"Thomas J. Hamman" <[EMAIL PROTECTED]> wrote:
> On Wed, 24 Nov 1999, Ernest N. Wilcox Jr. wrote:
>
> > stable manner. But you have to admitt that they have done a great job with
the
> > installer. Any user can install M$'s OS. Now if they'd just stop trying
to
Gee I hate to knock you off your soap box, but just about ALL new mother
boards support the self-same boot of CD Rom to install Linux AND Win9X.
Risking more Flames here...Win98 is MORE user friendly after first install,
all most all components ARE installed WITH their driver's.

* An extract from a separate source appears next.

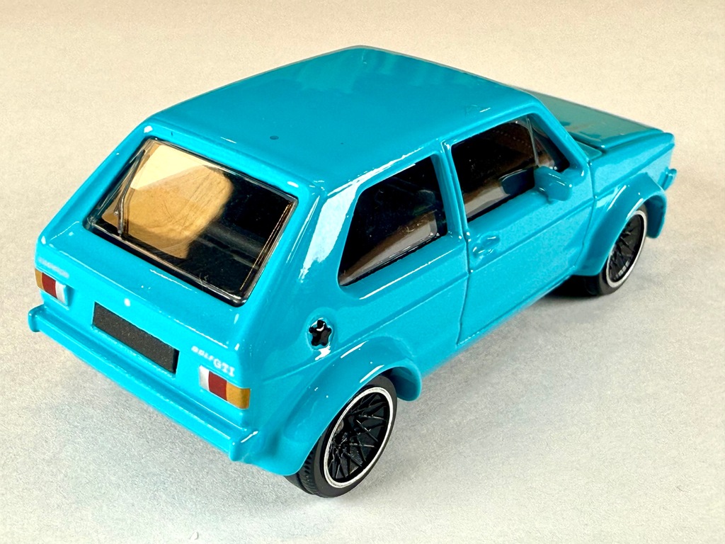 - Charakterystyczne cechy: otwierana maska, dokładnie odwzorowany silnik, oznaczenie „Golf GTI” z tyłu

Now untill I learn the method to Linux's madness for installing programs and
WHERE the heck they are after that, I will continue using Win98 as my primary
OS. But to be fair Linux has many points in it's favor, the foremost one is
that it is a free OS, and more important...very stable.
IMO
Jaguar
>
> Actually I think I WON'T "admit" that. :) If you want to completely
> reinstall Windows 95 (I assume it's similar for Win98), first you have to
> make a DOS boot disk and put your DOS CD-ROM drivers on it (how many
> newbies know how to do that? and how easy is it to do that if you don't
> already have a working system?), then boot with that and run the install
> from the CD. The actual installation program is simple, yeah--the only
> options you're being given are which programs install, so it would have
> required a lot of creativity to make it NOT user-friendly.
>
> And then here's a common experience I had after installation: You boot
> Windows for the first time, and it starts trying to install some other
> stuff, from the CD, BEFORE IT BOTHERS LOADING YOUR CD-ROM DRIVERS, so it's
> trying to install extra stuff from the CD before it bothers getting the
> CD-ROM drive working, and thus it can't. There are two ways around this
> (installing DOS CD-ROM drivers for the first boot, or copying the whole CD
> to the HD and installing it from there) and I don't think either is
> readily apparent to a newbie. A newbie will just sit there and wonder why
> the hell it's not working like it's supposed to.
>
> On the other hand, if you're installing Mandrake you just boot from the CD
> and bam you're in a very simple, straight-forward, user-friendly
> installation program that explains itself pretty well. RedHat's and
> Mandrake's installation programs are very easy. The very first time I
> ever touched Linux, I installed RedHat 5.2 without reading any
> instructions or anything and the installation was a breeze. And I've read
> plenty of reviews saying Caldera's installation is even easier.